**WHAT TO DO**: Return the entries below word for word. No picture belongs in the copy.

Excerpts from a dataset
--- START ---

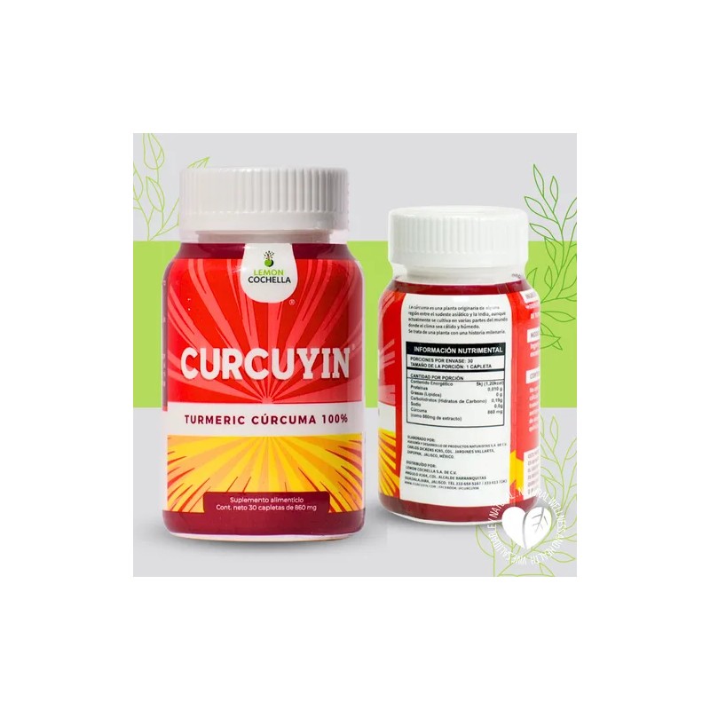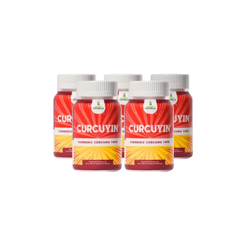 Descubre el poder de la naturaleza con el Kit de 5 Curcuyin Tumeric Cúrcuma, un suplemento nutricional diseñado para promover tu bienestar. Cada envase contiene 30 grageas de 860 mg de extracto estandarizado de Cúrcuma longa, conocido por sus propiedades antioxidantes y antiinflamatorias. Este producto es completamente vegano y libre de gluten, lo que lo convierte en una opción ideal para quienes buscan un estilo de vida saludable. Se recomienda tomar una gragea al día, preferiblemente con el desayuno, para maximizar sus beneficios. Además, su presentación en botella asegura la frescura y calidad del contenido. Con un peso neto de 250 g, este suplemento es perfecto para quienes desean incorporar la cúrcuma en su rutina diaria. A partir de los 16 años, cualquier persona puede disfrutar de sus ventajas. No esperes más para mejorar tu salud con Curcuyin.
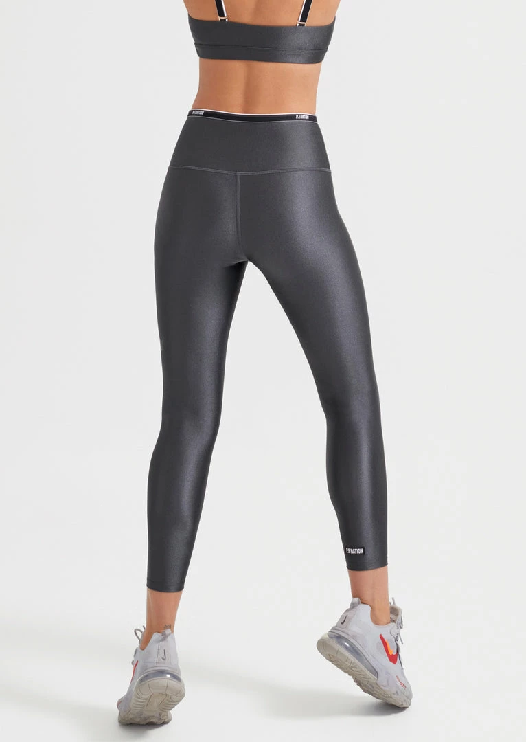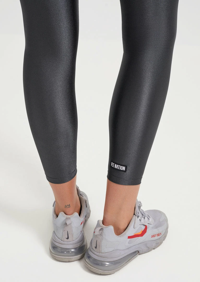 The Fadeaway Legging in Charcoal comes as part of the Work It Downtown Collection. A high-rise 7/8 length legging in a statement dark grey hue that can be worked into all monochrome looks, the Fadeaway Legging is cut from a squatproof performance fabrication with a shiny silky finish and ultra-luxe look. Minimal logo detailing, including a P.E Nation branded elastic at the waistband and muted P.E Nation print on the thigh and ankle complete this comfortable and covetable essential.
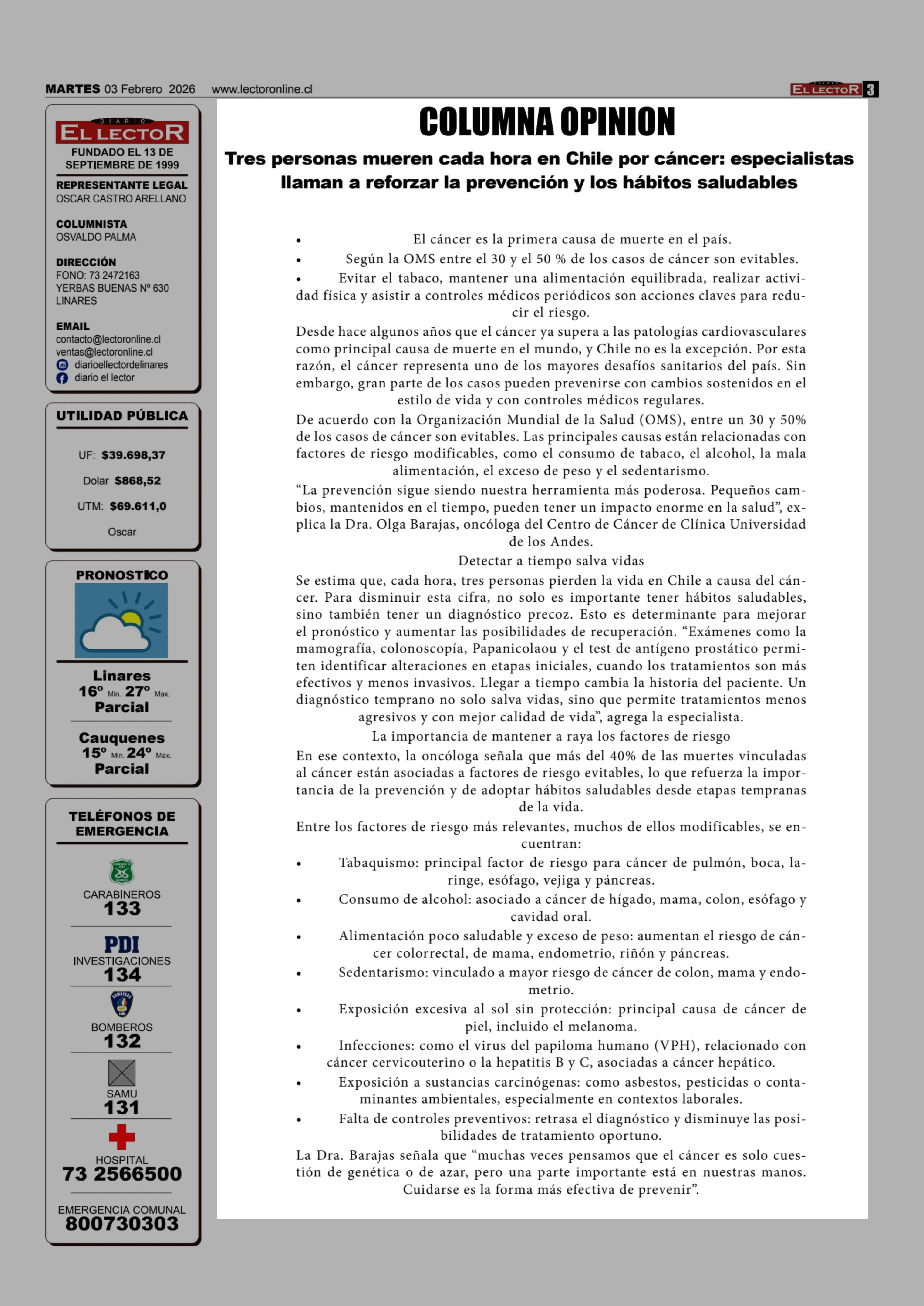 Título: Columnas de Opinión: Tres personas mueren cada hora en Chile por cancer: especialistas llaman a reforzar la prevención y los hábitos saludables
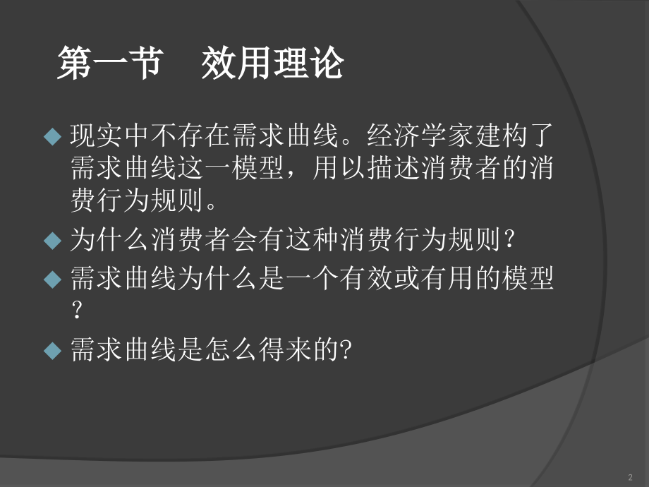 ,单击此处编辑母版标题样式,单击此处编辑母版文本样式,第二级,第三级,第四级,第五级,*,单击此处编辑母版标题样式,单击此处编辑母版文本样式,第二级,第三级,第四级,第五级,*,单击此处编辑母版标题样式,单击此处编辑母版文本样式,第二级,第三级,第四级,第五级,*,单击此处编辑母版标题样式,单击此处编辑母版文本样式,第二级,第三级,第四级,第五级,*,单击此处编辑母版标题样式,单击此处编辑母版文本样式,第二级,第三级,第四级,第五级,*,单击此处编辑母版标题样式,单击此处编辑母版文本样式,第二级,第三级,第四级,第五级,*,单击此处编辑母版标题样式,单击此处编辑母版文本样式,第二级,第三级,第四级,第五级,*,单击此处编辑母版标题样式,单击此处编辑母版文本样式,第二级,第三级,第四级,第五级,*,第三章 消费者均衡分析,1,第一节 效用理论,现实中不存在需求曲线。经济学家建构了需求曲线这一模型,用以描述消费者的消费行为规则。,为什么消费者会有这种消费行为规则?,需求曲线为什么是一个有效或有用的模型?,需求曲线是怎么得来的,?,2,一、效用的概念,效用:,指消费者在消费商品时所感受到的满足,程度。,效用就是一种感觉。,感觉有好坏之分,效用也就有正负之分。,3,渴,累 此时什么对你来说效用最大呢,一个汉堡包,鸡蛋,电脑 对你们来说效用一样吗,4,二、效用的评价,如何比较效用呢?如何度量效用呢?,基数效用:,赋予效用一个具体数值。数值可比较大小,也可以相加减。,序数效用:,为效用进行大小排序。没有具体数值,只比较大小,不能相加。,19,世纪到,20,世纪初,西方经济学家普遍使用基数效用的概念。包括边沁在内的一些学者就希望能够通过制造一种机器来测度人的幸福程度。,20,世纪,30,年代后,序数效用概念为大多数经济学家所使用。,5,第二节 边际效用分析,一、总效用和边际效用,总效用,(,Total Utility,)是指消费者在一定时间内从一定数量的商品的消费中所得到的效用量的总和。,边际效用,(,Marginal Utility,)是指消费者在一定时间内增加一单位的消费所得到的效用量的增量。,6,假定消费者消费一种商品的数量为,Q,,,则总效用函数为:,TU=f(Q),边际效用函数为:,MU=TU(Q)/Q,当,Q0,时,,MU=TU,(,Q,),/Q=dTU(Q)/Dq,边际量,=,因变量的变化量,/,自变量的变化量,7,商品数量,(,1,),总效用,(,2,),边际效用,(,3,),价格,(,4,),0,1,2,3,4,5,6,7,0,10,18,24,28,30,30,28,10,8,6,4,2,0,-2,5,4,3,2,1,0,某商品的效用表 货币的边际效用,=2,8,某商品的效用曲线,总效用与边际效用是什么关系?,边际效用曲线为什么为向右下方倾斜呢?,9,二、边际效用递减规律,边际效用递减规律,:在一定时间内,在其他商品的消费数量保持不变的条件下,随着消费者对某种商品消费量的增加,消费者从该商品连续增加的每一消费单位中所得到的效用增量即边际效用是递减的。,戈森第一规律,10,为什么会边际效用递减呢?,1.,生理和心理的原因,2.,商品用途的多样性,11,三、基数效用论的消费者均衡,消费者均衡:,指消费者花费既定代价使自己,得到的效用最大化,或者为了达到一定的效,用量而使自己所花的代价最小的一种状态。,(一)实现消费者均衡的假设条件,1,、消费者的嗜好是既定的,2,、消费者的收入是既定的,3,、商品的价格是既定的,12,4,、,每一单位货币的边际效用对消费者都是相同的,一般情况下,随着货币收入的增加,货币的边际效用递减。,基数效用论在分析消费者行为时,通常假定货,币的边际效用是不变的。,理由是,消费者收入,给定的情况下,单位商品的价格只占消费者总,货币收入的很小部分。另外只有假定,货币的边际效用不变,才能使货币的,效用去衡量其他商品的效用。,13,(二)基数效用论的消费者均衡条件,消费者可以支出金额为,40,元,单位,X,和,Y,的,价格分别为,5,元和,10,元,,X,和,Y,各买多少效用,才最大呢?,表,3-2,表,3-3,买橘子和香蕉,14,假定:消费者用既定的收入,I,购买,n,种商品,,P,1,,,P,2,,,.,,,P,n,分别为,n,中商品的数量,,MU,1,,,MU,2,,,.,,,MU,n,分别表示,n,种商品的边际效用,则消费者效用最大化的均衡条件用公式表示为:,P,1,X,1,+P,2,X,2,+.+P,n,X,n,=,I,(,3.5,),MU,1,/P,1,=MU,2,/P,2,=.=MU,n,/P,n,=,(,3.6,),消费者的每一元钱所买到的各种商品的边际效用相,等的时候,就能在花费既定支出的情况下使买得的商,品效用极大化。,注意:,是货币的边际效用,15,相对应,在购买两种商品情况下的消费者效用最大化的均衡条件为:,P,1,X,1,+P,2,X,2,=I,MU,1,/P,1,=MU,2,/P,2,=,思考,为什么在买两个单位,X,三个单位,Y,时效用会最大化呢?,没错,当其中一个边际效用大于另一个时,总会尝试增加边际效用大的那一样物品,16,四、消费者剩余,消费者剩余是消费者在购买一定数量的某种商,品时愿意支付的最高总价格和实际支付的总价,格之间的差额。,你在买面包时的成交,价格等于面包带给你的,边际效用,但是在你买,第一面包时,它给你,带来的效用大于付出的,价格,你有类似的经历吗?,17,你如何安排你的时间呢,假设工作,8,小时,,吃饭、睡觉、娱乐你,会如何安排呢?,是不是当三者的边际,效用相等时,你才最,舒服呢,18,第三节 无差异曲线分析,一、消费者偏好,偏好:更喜欢的意思,带有明显倾向性。,序数效用论关于消费者偏好的两个假定:,(,1,)非对称性,(,2,)传递性,19,二、无差异曲线,基于序数效用论的分析工具,人们的需求是多样的,不会只消费一种商品,,不会仅拿一种
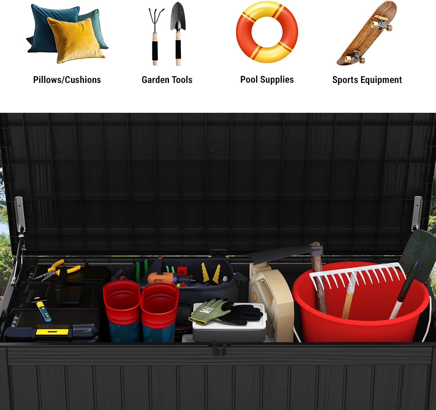 • 【Smooth & Secure Operation】- Designed with dual side hydraulic hinges, the lid opens effortlessly and stays in place, allowing easy access to your items, the slow closing mechanism ensures safe operation for family members, while the lockable lid (lock not included) adds an extra layer of security for your outdoor essentials
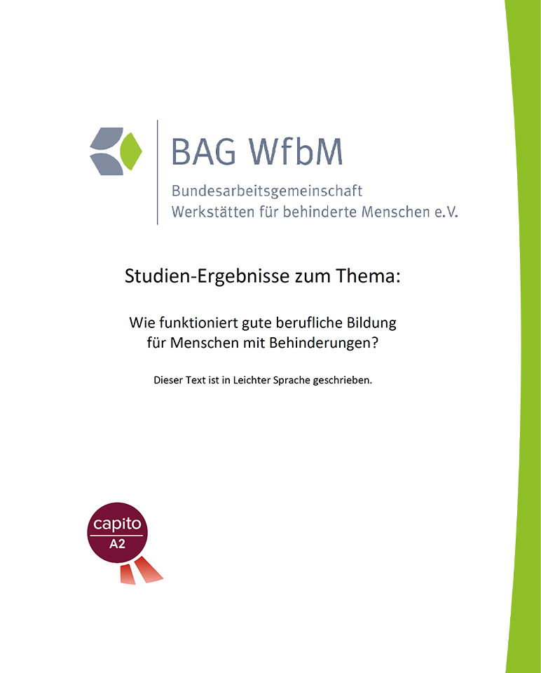 Studien-Ergebnisse zum Thema: Wie funktioniert gute berufliche Bildung für Menschen mit Behinderungen? Dieser Text ist in Leichter Sprache geschrieben.

--- END ---

**REPLY TO THE TASK**:
 Descubre el poder de la naturaleza con el Kit de 5 Curcuyin Tumeric Cúrcuma, un suplemento nutricional diseñado para promover tu bienestar. Cada envase contiene 30 grageas de 860 mg de extracto estandarizado de Cúrcuma longa, conocido por sus propiedades antioxidantes y antiinflamatorias. Este producto es completamente vegano y libre de gluten, lo que lo convierte en una opción ideal para quienes buscan un estilo de vida saludable. Se recomienda tomar una gragea al día, preferiblemente con el desayuno, para maximizar sus beneficios. Además, su presentación en botella asegura la frescura y calidad del contenido. Con un peso neto de 250 g, este suplemento es perfecto para quienes desean incorporar la cúrcuma en su rutina diaria. A partir de los 16 años, cualquier persona puede disfrutar de sus ventajas. No esperes más para mejorar tu salud con Curcuyin.
 The Fadeaway Legging in Charcoal comes as part of the Work It Downtown Collection. A high-rise 7/8 length legging in a statement dark grey hue that can be worked into all monochrome looks, the Fadeaway Legging is cut from a squatproof performance fabrication with a shiny silky finish and ultra-luxe look. Minimal logo detailing, including a P.E Nation branded elastic at the waistband and muted P.E Nation print on the thigh and ankle complete this comfortable and covetable essential.
 Título: Columnas de Opinión: Tres personas mueren cada hora en Chile por cancer: especialistas llaman a reforzar la prevención y los hábitos saludables
 ,单击此处编辑母版标题样式,单击此处编辑母版文本样式,第二级,第三级,第四级,第五级,*,单击此处编辑母版标题样式,单击此处编辑母版文本样式,第二级,第三级,第四级,第五级,*,单击此处编辑母版标题样式,单击此处编辑母版文本样式,第二级,第三级,第四级,第五级,*,单击此处编辑母版标题样式,单击此处编辑母版文本样式,第二级,第三级,第四级,第五级,*,单击此处编辑母版标题样式,单击此处编辑母版文本样式,第二级,第三级,第四级,第五级,*,单击此处编辑母版标题样式,单击此处编辑母版文本样式,第二级,第三级,第四级,第五级,*,单击此处编辑母版标题样式,单击此处编辑母版文本样式,第二级,第三级,第四级,第五级,*,单击此处编辑母版标题样式,单击此处编辑母版文本样式,第二级,第三级,第四级,第五级,*,第三章 消费者均衡分析,1,第一节 效用理论,现实中不存在需求曲线。经济学家建构了需求曲线这一模型,用以描述消费者的消费行为规则。,为什么消费者会有这种消费行为规则?,需求曲线为什么是一个有效或有用的模型?,需求曲线是怎么得来的,?,2,一、效用的概念,效用:,指消费者在消费商品时所感受到的满足,程度。,效用就是一种感觉。,感觉有好坏之分,效用也就有正负之分。,3,渴,累 此时什么对你来说效用最大呢,一个汉堡包,鸡蛋,电脑 对你们来说效用一样吗,4,二、效用的评价,如何比较效用呢?如何度量效用呢?,基数效用:,赋予效用一个具体数值。数值可比较大小,也可以相加减。,序数效用:,为效用进行大小排序。没有具体数值,只比较大小,不能相加。,19,世纪到,20,世纪初,西方经济学家普遍使用基数效用的概念。包括边沁在内的一些学者就希望能够通过制造一种机器来测度人的幸福程度。,20,世纪,30,年代后,序数效用概念为大多数经济学家所使用。,5,第二节 边际效用分析,一、总效用和边际效用,总效用,(,Total Utility,)是指消费者在一定时间内从一定数量的商品的消费中所得到的效用量的总和。,边际效用,(,Marginal Utility,)是指消费者在一定时间内增加一单位的消费所得到的效用量的增量。,6,假定消费者消费一种商品的数量为,Q,,,则总效用函数为:,TU=f(Q),边际效用函数为:,MU=TU(Q)/Q,当,Q0,时,,MU=TU,(,Q,),/Q=dTU(Q)/Dq,边际量,=,因变量的变化量,/,自变量的变化量,7,商品数量,(,1,),总效用,(,2,),边际效用,(,3,),价格,(,4,),0,1,2,3,4,5,6,7,0,10,18,24,28,30,30,28,10,8,6,4,2,0,-2,5,4,3,2,1,0,某商品的效用表 货币的边际效用,=2,8,某商品的效用曲线,总效用与边际效用是什么关系?,边际效用曲线为什么为向右下方倾斜呢?,9,二、边际效用递减规律,边际效用递减规律,:在一定时间内,在其他商品的消费数量保持不变的条件下,随着消费者对某种商品消费量的增加,消费者从该商品连续增加的每一消费单位中所得到的效用增量即边际效用是递减的。,戈森第一规律,10,为什么会边际效用递减呢?,1.,生理和心理的原因,2.,商品用途的多样性,11,三、基数效用论的消费者均衡,消费者均衡:,指消费者花费既定代价使自己,得到的效用最大化,或者为了达到一定的效,用量而使自己所花的代价最小的一种状态。,(一)实现消费者均衡的假设条件,1,、消费者的嗜好是既定的,2,、消费者的收入是既定的,3,、商品的价格是既定的,12,4,、,每一单位货币的边际效用对消费者都是相同的,一般情况下,随着货币收入的增加,货币的边际效用递减。,基数效用论在分析消费者行为时,通常假定货,币的边际效用是不变的。,理由是,消费者收入,给定的情况下,单位商品的价格只占消费者总,货币收入的很小部分。另外只有假定,货币的边际效用不变,才能使货币的,效用去衡量其他商品的效用。,13,(二)基数效用论的消费者均衡条件,消费者可以支出金额为,40,元,单位,X,和,Y,的,价格分别为,5,元和,10,元,,X,和,Y,各买多少效用,才最大呢?,表,3-2,表,3-3,买橘子和香蕉,14,假定:消费者用既定的收入,I,购买,n,种商品,,P,1,,,P,2,,,.,,,P,n,分别为,n,中商品的数量,,MU,1,,,MU,2,,,.,,,MU,n,分别表示,n,种商品的边际效用,则消费者效用最大化的均衡条件用公式表示为:,P,1,X,1,+P,2,X,2,+.+P,n,X,n,=,I,(,3.5,),MU,1,/P,1,=MU,2,/P,2,=.=MU,n,/P,n,=,(,3.6,),消费者的每一元钱所买到的各种商品的边际效用相,等的时候,就能在花费既定支出的情况下使买得的商,品效用极大化。,注意:,是货币的边际效用,15,相对应,在购买两种商品情况下的消费者效用最大化的均衡条件为:,P,1,X,1,+P,2,X,2,=I,MU,1,/P,1,=MU,2,/P,2,=,思考,为什么在买两个单位,X,三个单位,Y,时效用会最大化呢?,没错,当其中一个边际效用大于另一个时,总会尝试增加边际效用大的那一样物品,16,四、消费者剩余,消费者剩余是消费者在购买一定数量的某种商,品时愿意支付的最高总价格和实际支付的总价,格之间的差额。,你在买面包时的成交,价格等于面包带给你的,边际效用,但是在你买,第一面包时,它给你,带来的效用大于付出的,价格,你有类似的经历吗?,17,你如何安排你的时间呢,假设工作,8,小时,,吃饭、睡觉、娱乐你,会如何安排呢?,是不是当三者的边际,效用相等时,你才最,舒服呢,18,第三节 无差异曲线分析,一、消费者偏好,偏好:更喜欢的意思,带有明显倾向性。,序数效用论关于消费者偏好的两个假定:,(,1,)非对称性,(,2,)传递性,19,二、无差异曲线,基于序数效用论的分析工具,人们的需求是多样的,不会只消费一种商品,,不会仅拿一种
 • 【Smooth & Secure Operation】- Designed with dual side hydraulic hinges, the lid opens effortlessly and stays in place, allowing easy access to your items, the slow closing mechanism ensures safe operation for family members, while the lockable lid (lock not included) adds an extra layer of security for your outdoor essentials
 Studien-Ergebnisse zum Thema: Wie funktioniert gute berufliche Bildung für Menschen mit Behinderungen? Dieser Text ist in Leichter Sprache geschrieben.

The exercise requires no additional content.